As of the 30th March 2018 Part 3 of the Housing and Planning Act 2016 introduced a new abandonment procedure for Landlords. It allows a landlord to bring an assured shorthold tenancy to an end on the day on which the abandonment notice was given provided that:

  • The tenancy relates to a premises in England
  • The unpaid rent condition is met this is at least two months or eight weeks rent arrears
  • The landlord has served all relevant notices under section 52
  • The Tennant or any named occupier has not responded to these notices within the dates and time frames expected within the warning notices

This process is extremely complex and in all the circumstances great care must be taken and further advice should be sought before using this procedure.

Letting agents

We frequently receive calls from landlords who are not happy with the way letting agents deal with them and their tenants.

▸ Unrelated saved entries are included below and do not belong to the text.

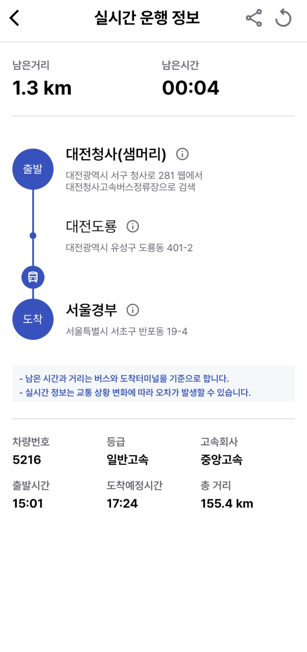 7. 앱에서는 실시간 운행 정보도 확인할 수 있어요. 남은 거리와 시간도 표시돼서 도착 예상시간 확인하기 편하고, 지연 여부도 바로 확인 가능해 이동 중에도 상황을 쉽게 알 수 있어 정말 유용합니다.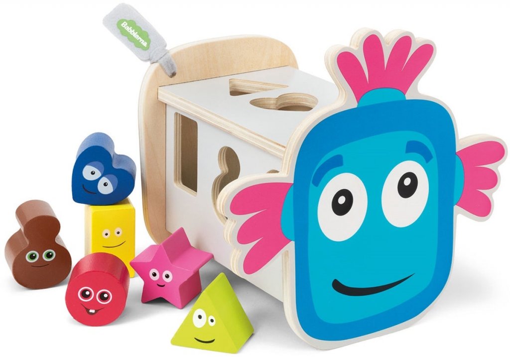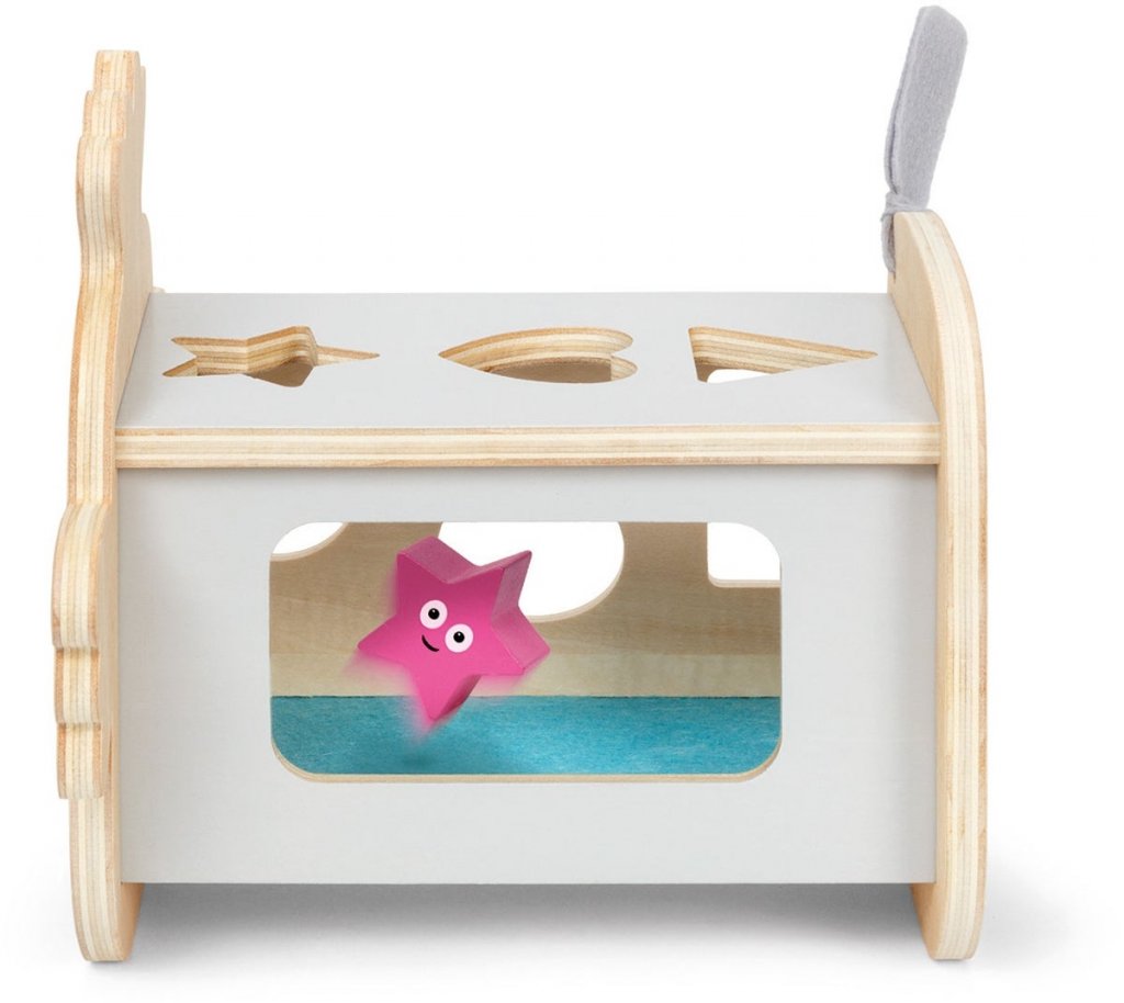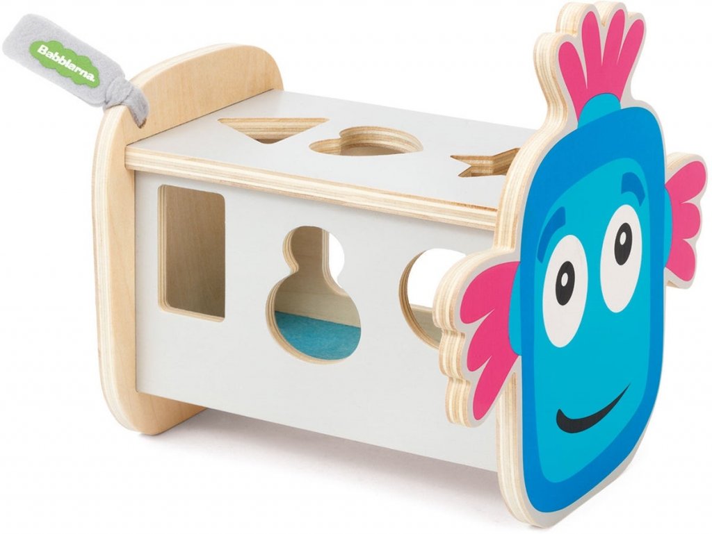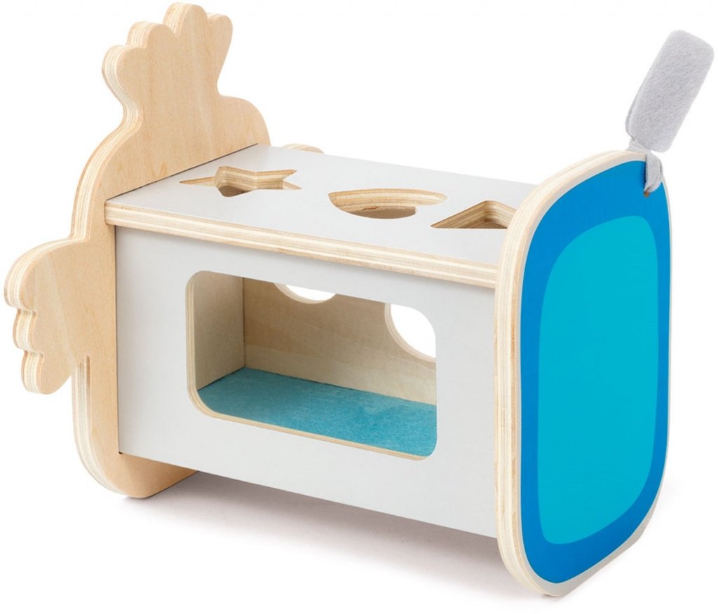øve dine fine motorik ved at matche den rigtige blokering af forskelligt formede åbninger i toppen af ​​kassen. Box bunden er dækket i filt til at dæmpe lyden, når brikkerne falder igennem.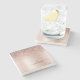 Pink Rose Gold Brushed Metal Monogram Name Stone Coaster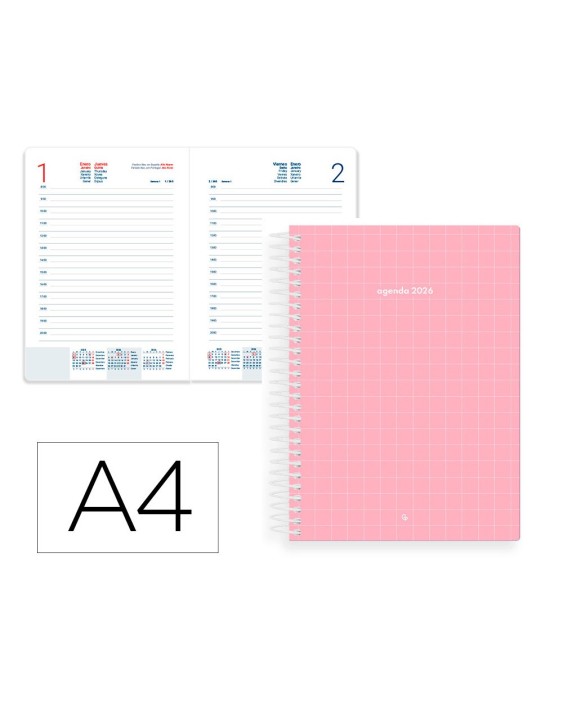 Las agendas Liderpapel Gazi 2026 traen consigo un diseño sencillo y moderno, disponible en cuatro colores: rosa, negro, azul claro y azul oscuro. Cada portada tiene un color sólido de fondo, adornado con líneas blancas que forman un patrón de cuadrados, añadiendo un toque de elegancia a su portada. Son la opción perfecta para quienes buscan una herramienta de organización funcional y con estilo, adecuada tanto para el entorno profesional como personal.El interior incluye: Calendario trienio, Planning Anual, Santoral, Feriados de España y Portugal, Distancias kilométricas entre ciudades europeas, Mapas de usos horarios, Contactos. Sabado y Domingo en diferente página. CARACTERISTICAS: AGENDA ESPIRAL LIDERPAPEL AÑO 2026, DIA PAGINA, A4, POLIPROPILENO, FLEXIBLE, PAPEL 70G FSC, COL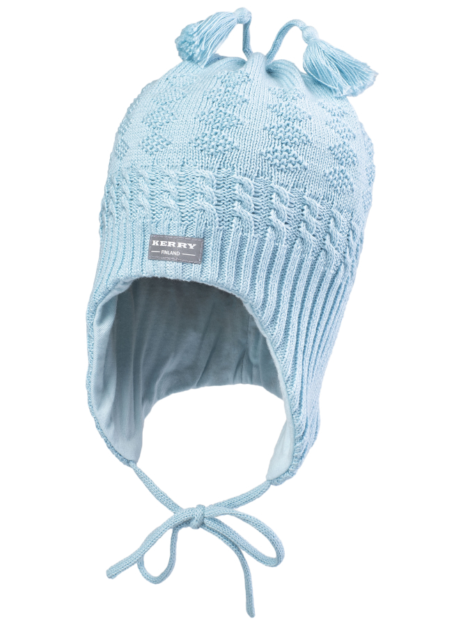 *Состав ткани: верх 100 % Органический хлопок; подкладка 100 % Органический хлопок *Демисезонная шапка на хлопковой трикотажной подкладке, с завязками *Цвет нежно-голубой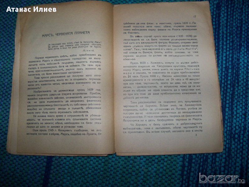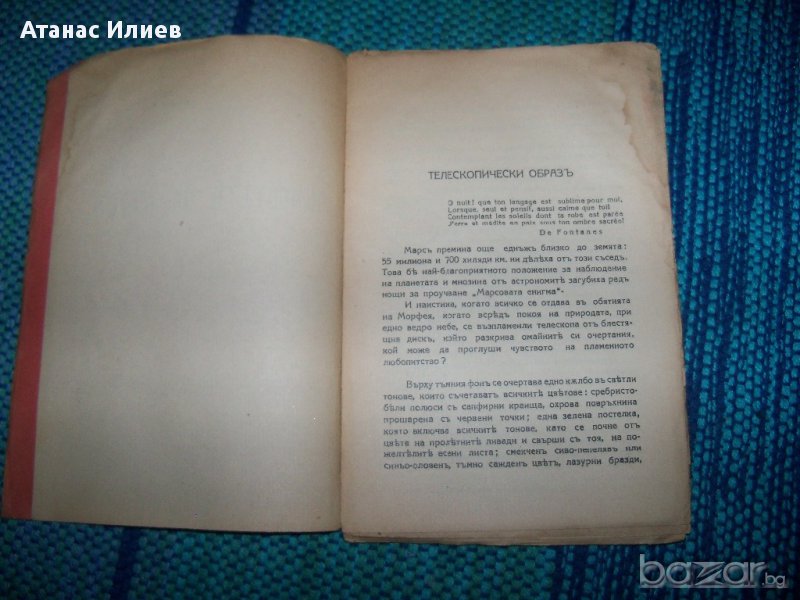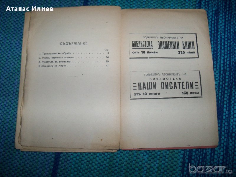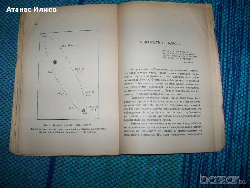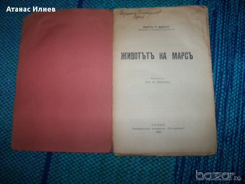 "Животът на Марс" от абат Т. Морьо, директор на Буржската обсерватория. Книжката е издание 1928г. на библиотека "Знаменити книги". Книгата е с меки корици, 62 стр. с 14 фигури в текста. Книжката съдържа разделите: Телескопически образ, Марс червената планета, Животът във Вселената, животът на Марс.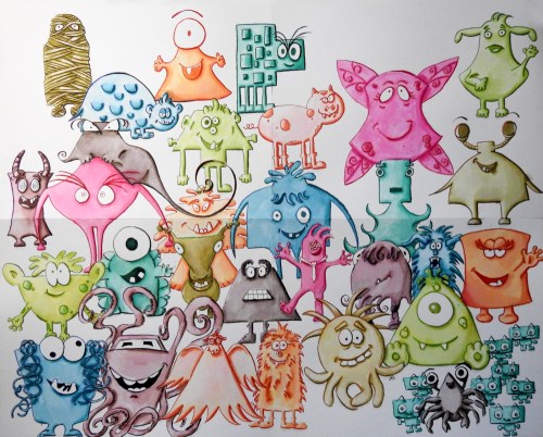 Last Inktober I played around with making monsters out of shapes… and ended up with 31 cute monsters (if I do say so myself)…

The agent is employed to act in your best interests and provide professional guidance as part of the process. If the agent is instructed to let the property they should deal with all reference and financial checks, as well as getting the tenant to sign the necessary paperwork.

There is a Private Rented Sector Code of Practice issued by RICS which you can find here and which may help with any concerns about your agent.

All letting agents must belong to one of the following schemes:

Property Ombudsman, where you will also find a code of conduct.

Property Redress Scheme, which also has a good resource section.

If you complain to a letting agent and the complaint is not resolved to your satisfaction you can refer to one of the ombudsman schemes outlined above.

NOTE: Please be aware there are links contained within this factsheet that may take you to external sites, we are not responsible for their content. This is a general advice and information factsheet only and should not be treated as a definitive guide and does not constitute legal or professional advice. We are not a law firm and information is not intended to create a solicitor client relationship. Law Express does not accept any responsibility for any loss which may arise from relying on information contained in this factsheet. This is not a substitute for legal advice and specific and personal legal advice should be taken on any individual matter. If you need more details or information about the matters referred to in this factsheet please seek formal legal advice. This factsheet is correct at time of going to print. The law set out in this factsheet applies to England, unless otherwise stated.